If you already know your world includes non-AWS systems and you want one TypeScript-based infrastructure workflow, pick Pulumi.
FAQ
Is Pulumi better than AWS CDK for TypeScript?
For pure TypeScript developer experience, I think yes. It usually feels more natural. But that doesn’t mean it’s better overall. If you’re deeply AWS-focused, CDK can still be the better choice.
Which is best for AWS-only teams?
Usually AWS CDK.
It’s closer to AWS, often gets new service support faster, and fits better with AWS-native operations. That’s hard to beat if AWS is your whole platform.
Which is best for startups?
Depends on the startup.
If the startup uses AWS plus Cloudflare, GitHub, Datadog, maybe Kubernetes later — Pulumi is often the better fit.
If the startup is just building on core AWS services and wants a simple, reliable path — CDK is a very sensible choice.
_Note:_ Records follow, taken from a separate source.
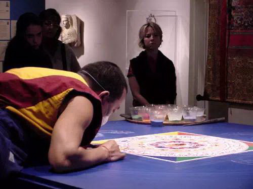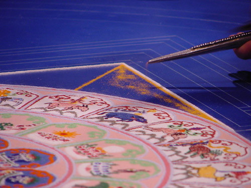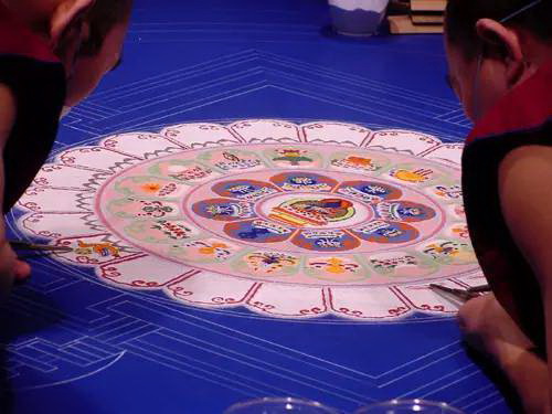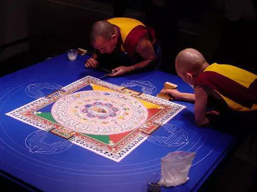 在藏传佛教中有一种最独特也最精致的宗教艺术。每逢大型法事活动,寺院中的喇嘛们用数百万计的沙粒描绘出奇异的佛国世界,这个过程可能持续数日乃至数月。这就是奇妙的坛城沙画,在藏语中叫做的dul-tson-kyil-khor,意思是“彩粉之曼陀罗”。据传从两千五百多年前,佛陀亲自教导弟子制作沙坛城开始,这门精致绝伦的宗教艺术,就历代相承毫无间断。而在十一世纪,由印度北传到西藏,保存至今。
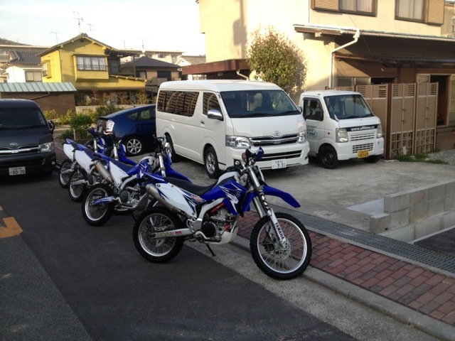 圧巻 4台の WR250R 全部オフタイマー達の車両っす ヤマハさんが呼んでるの 「お店にオイデっ」て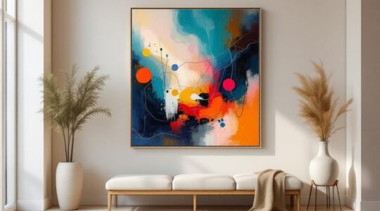 L’adaptabilité de l’art abstrait constitue son atout majeur en matière de décoration. Que vous souhaitiez dynamiser un salon moderne, adoucir une chambre ou structurer un couloir, les oeuvres abstraites s’adaptent à tous les espaces. Leur capacité à dialoguer avec différents styles architecturaux – du minimaliste au classique – en fait des alliés décoratifs polyvalents qui transcendent les tendances éphémères pour s’inscrire dans la durée.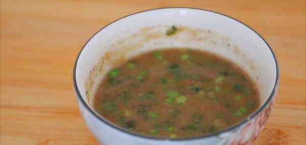 7:碗中加入蔥花、面粉、食鹽、花椒粉,澆上熱油爆香,攪拌均勻。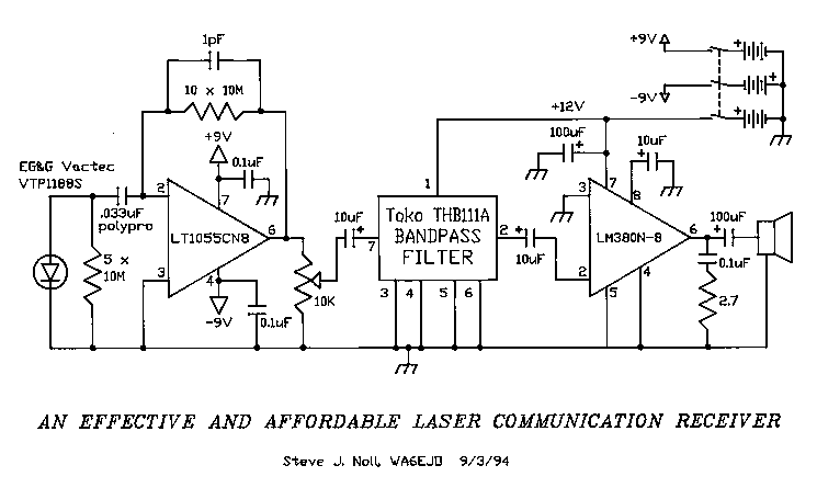 If response is required beyond about 20 KHz bandwidth, or with photodiodes larger than 2 mm2, operation into a FET-input transimpedance (negative feedback) current pre-amp of the type used by Steve Noll WA6EJO and ourselves is recommended. This would be rather more linear and immune to stray light than K3PGP's PV system, if not quite so sensitive. Steve (refer the WA6EJO website) suggests the AD743JN as an alternative to the LT1055CN8 pre-amp IC, after actual trials of his laser receiver unit. The bandpass filter (Toko THB111A) is an optional refinement, while many audio output ICs such as the LM386 would provide equal results to the LM380 (typical circuit below):

What are the key differences between Pulumi and CDK?
The key differences are:
- deployment engine: Pulumi engine vs CloudFormation
- scope: broader platform support vs AWS-first focus
- TypeScript feel: more natural in Pulumi, more AWS-shaped in CDK
- operations: Pulumi state model vs AWS-managed CloudFormation stacks
- service support: CDK often stronger for brand-new AWS features
Can you migrate from CDK to Pulumi or the other way around?
Yes, but don’t expect it to be fun.
You’re not just translating syntax. You’re changing deployment models, state handling, and often how you structure infrastructure code. It’s possible, but it’s a real migration, not a search-and-replace job.